Taking only the lines of the data below from the line with "И ещё в этом" to the line with "Brass Double Handle", ends included, write them out exactly and without pictures.

# Raw data
+ + + + + + +

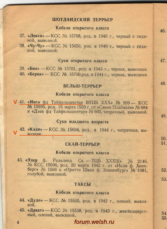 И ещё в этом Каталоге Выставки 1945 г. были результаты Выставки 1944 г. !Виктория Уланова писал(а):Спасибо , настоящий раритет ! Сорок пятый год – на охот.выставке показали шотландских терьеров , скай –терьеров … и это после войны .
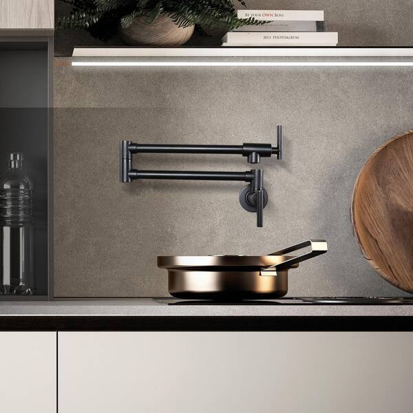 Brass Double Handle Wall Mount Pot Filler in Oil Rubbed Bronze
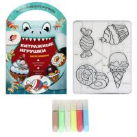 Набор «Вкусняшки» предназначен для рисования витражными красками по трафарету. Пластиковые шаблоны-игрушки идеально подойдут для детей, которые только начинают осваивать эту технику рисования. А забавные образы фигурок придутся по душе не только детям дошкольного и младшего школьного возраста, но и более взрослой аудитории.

+ + + + + + +

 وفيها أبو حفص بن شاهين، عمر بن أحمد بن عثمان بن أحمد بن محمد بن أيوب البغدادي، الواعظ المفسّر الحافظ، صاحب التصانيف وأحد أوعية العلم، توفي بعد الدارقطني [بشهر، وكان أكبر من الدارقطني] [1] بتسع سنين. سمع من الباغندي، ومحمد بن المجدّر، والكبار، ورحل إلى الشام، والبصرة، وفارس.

+ + + + + + +

# Written answer
 И ещё в этом Каталоге Выставки 1945 г. были результаты Выставки 1944 г. !Виктория Уланова писал(а):Спасибо , настоящий раритет ! Сорок пятый год – на охот.выставке показали шотландских терьеров , скай –терьеров … и это после войны .
 Brass Double Handle Wall Mount Pot Filler in Oil Rubbed Bronze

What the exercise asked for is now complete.